# [Task directions]
The answer is to be the lines below that lie between the line holding "比较图2和图3可以看出,由于" and the line holding "Incontinencia por rebosamiento: la", inclusive, transcribed exactly and free of pictures.

# [Input records]
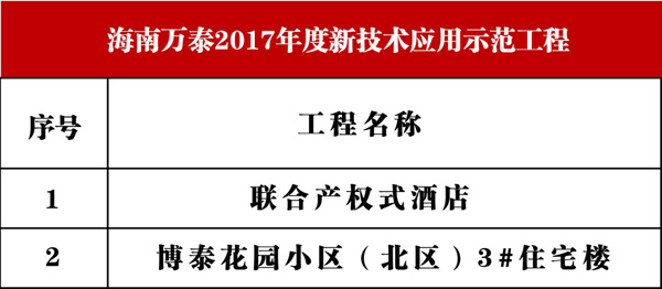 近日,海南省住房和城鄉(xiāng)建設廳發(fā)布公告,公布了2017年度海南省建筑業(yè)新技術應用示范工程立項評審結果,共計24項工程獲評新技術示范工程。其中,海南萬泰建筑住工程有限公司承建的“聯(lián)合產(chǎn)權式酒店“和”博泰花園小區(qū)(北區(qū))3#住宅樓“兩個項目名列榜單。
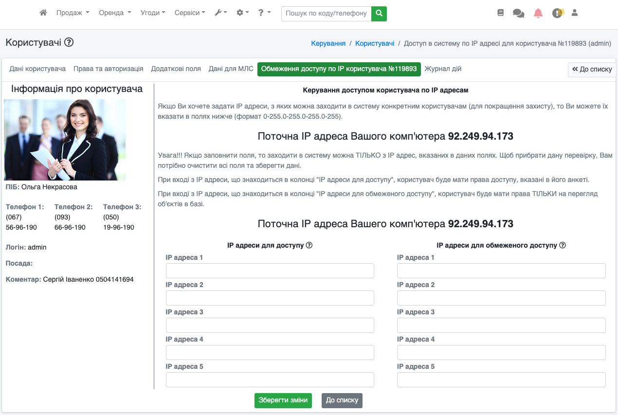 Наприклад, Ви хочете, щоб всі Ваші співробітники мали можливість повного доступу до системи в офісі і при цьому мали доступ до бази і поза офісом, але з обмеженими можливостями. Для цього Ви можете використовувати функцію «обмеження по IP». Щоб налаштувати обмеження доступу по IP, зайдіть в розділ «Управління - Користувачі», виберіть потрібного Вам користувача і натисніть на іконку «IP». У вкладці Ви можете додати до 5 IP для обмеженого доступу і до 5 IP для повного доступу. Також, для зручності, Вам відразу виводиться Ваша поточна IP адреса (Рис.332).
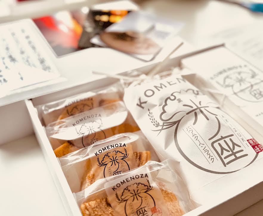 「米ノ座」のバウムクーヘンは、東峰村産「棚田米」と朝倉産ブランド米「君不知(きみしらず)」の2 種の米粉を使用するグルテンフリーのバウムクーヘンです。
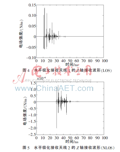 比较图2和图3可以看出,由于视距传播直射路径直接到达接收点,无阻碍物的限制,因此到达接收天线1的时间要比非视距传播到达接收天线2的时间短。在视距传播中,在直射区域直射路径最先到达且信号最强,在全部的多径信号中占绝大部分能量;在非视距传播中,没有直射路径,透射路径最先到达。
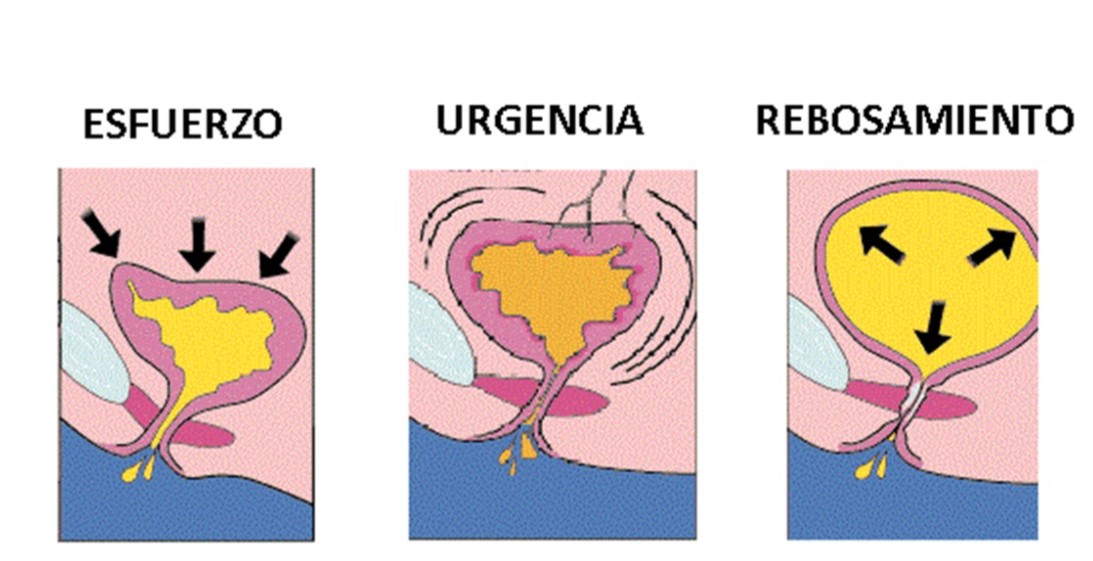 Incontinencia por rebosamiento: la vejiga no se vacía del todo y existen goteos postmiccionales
---
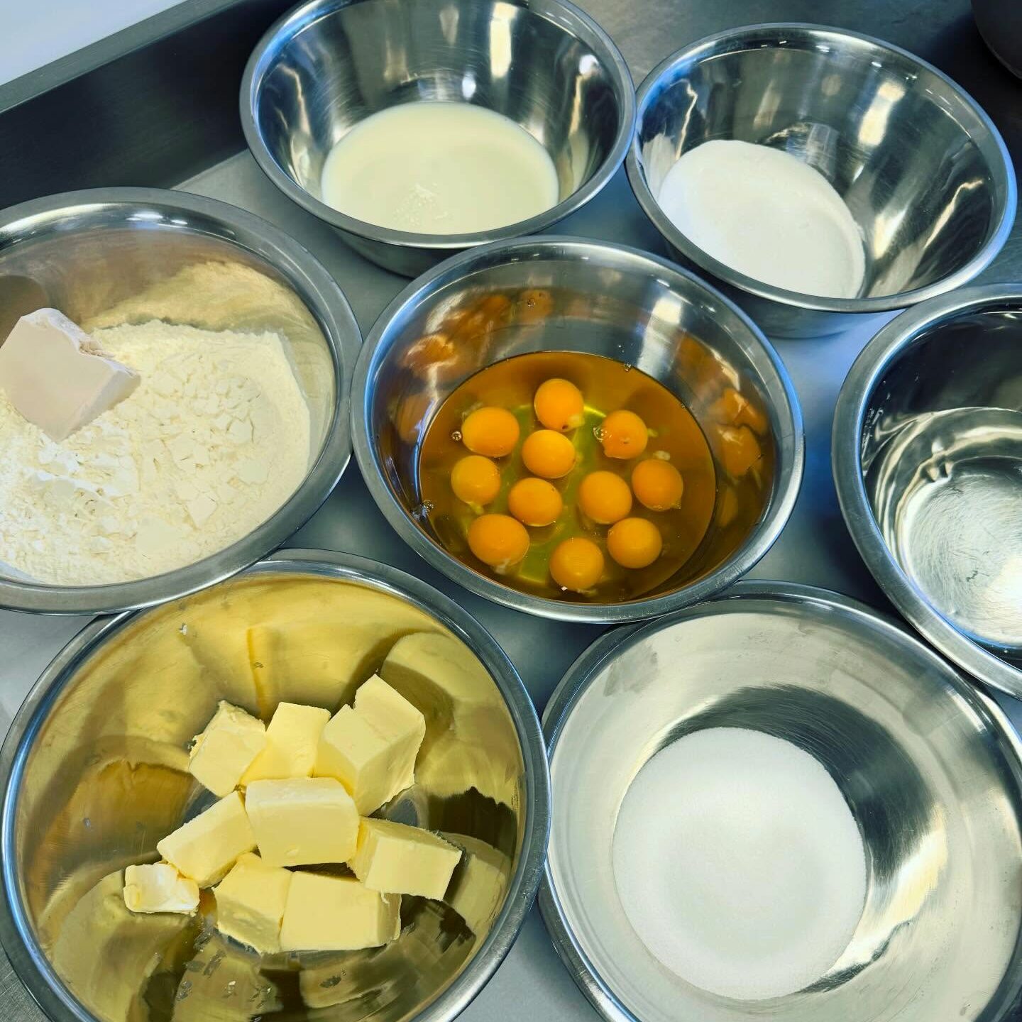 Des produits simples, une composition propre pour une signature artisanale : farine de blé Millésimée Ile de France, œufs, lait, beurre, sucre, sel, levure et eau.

# [Answer for this exercise]
 比较图2和图3可以看出,由于视距传播直射路径直接到达接收点,无阻碍物的限制,因此到达接收天线1的时间要比非视距传播到达接收天线2的时间短。在视距传播中,在直射区域直射路径最先到达且信号最强,在全部的多径信号中占绝大部分能量;在非视距传播中,没有直射路径,透射路径最先到达。
 Incontinencia por rebosamiento: la vejiga no se vacía del todo y existen goteos postmiccionales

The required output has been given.